Definition seq2matrix m n (s : seq (seq R)) :=
  \matrix_(i < m, j < n)
     nth 0 (nth nil s i) j.

Lemma no_solution:
  forall 
    b11 b12 b13 b14 b21 b22 b23 b24 b31 b32 b33 b34
    r r0 r1 r2 r3 r4 r5 r6 r7 r8 r9 r10 : R,
   1 = r * b11 + r0 * b21 + r1 * b31    ->
   0 = r * b12 + r0 * b22 + r1 * b32    ->
   0 = r * b13 + r0 * b23 + r1 * b33    ->
   0 = r * b14 + r0 * b24 + r1 * b34    ->
   0 = r2 * b11 + r3 * b21 + r4 * b31   ->
   1 = r2 * b12 + r3 * b22 + r4 * b32   ->
   0 = r2 * b13 + r3 * b23 + r4 * b33   ->
   0 = r2 * b14 + r3 * b24 + r4 * b34   ->
   0 = r5 * b11 + r6 * b21 + r7 * b31   ->
   0 = r5 * b12 + r6 * b22 + r7 * b32   ->
   1 = r5 * b13 + r6 * b23 + r7 * b33   ->
   0 = r5 * b14 + r6 * b24 + r7 * b34   ->
   0 = r8 * b11 + r9 * b21 + r10 * b31  ->
   0 = r8 * b12 + r9 * b22 + r10 * b32  ->
   0 = r8 * b13 + r9 * b23 + r10 * b33  ->
   1 = r8 * b14 + r9 * b24 + r10 * b34  ->
   False.
Proof.
move => b11 b12 b13 b14 b21 b22 b23 b24 b31 b32 b33 b34
   r r0 r1 r2 r3 r4 r5 r6 r7 r8 r9 r10 eq1 eq2 eq3 eq4
   eq5 eq6 eq7 eq8 eq9 eq10 eq11 eq12 eq13 eq14 eq15 eq16.
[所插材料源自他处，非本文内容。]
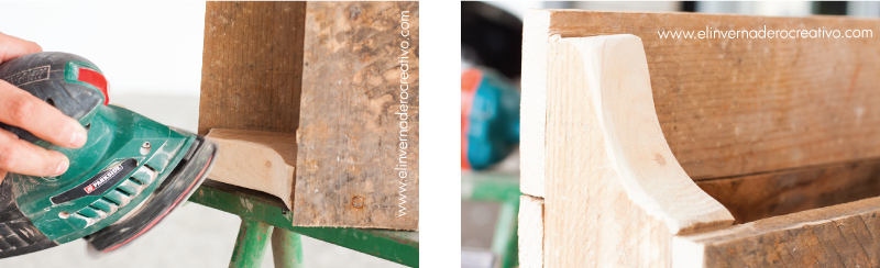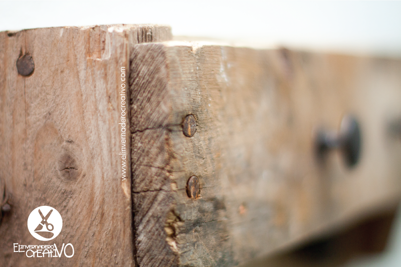 Una vez bien clavado todo vamos a ir rematando el perchero. Pasamos al lijado, pero ojo, queremos que mantenga ese aspecto rustico que caracteriza a la madera de palé y perdería su esencia si lo lijáramos entero. Tan sólo vamos a perfilar un poco los bordes astillados para que sea seguro de usar y no corramos el riesgo de clavarnos una astilla cuando colguemos nuestra ropa.
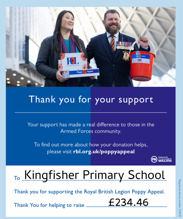 Once again this year we sold poppies and other items to raise money for the Royal British Legion. The total amount raised was £234.46.

set Inp := seq2matrix 4 3 
           [:: [:: r; r0; r1];
               [:: r2; r3; r4];
               [:: r5; r6; r7];
               [:: r8; r9; r10]].
set B := seq2matrix 3 4 [:: [:: b11; b12; b13; b14];
                            [:: b21; b22; b23; b24];
                            [:: b31; b32; b33; b34]].
suff abs: Inp *m B = 1%:M.
  have : (\rank (Inp *m B) <= 3)%N by apply: mulmx_max_rank.
  by rewrite abs mxrank1.
by apply/matrixP=> [[ [ | [ | [ | [ | ?]]]] pi]]
   [ [ | [ | [ | [ | ?]]]] pj] //;
 rewrite /Inp /seq2matrix /= !(mxE, big_ord_recr, big_ord0) //= add0r /=
  -?(eq1, eq2, eq3, eq4, eq5, eq6, eq7, eq8, eq9, eq10, eq11, eq12).
Qed.

End Solving_linear_equation_systems_in_Coq.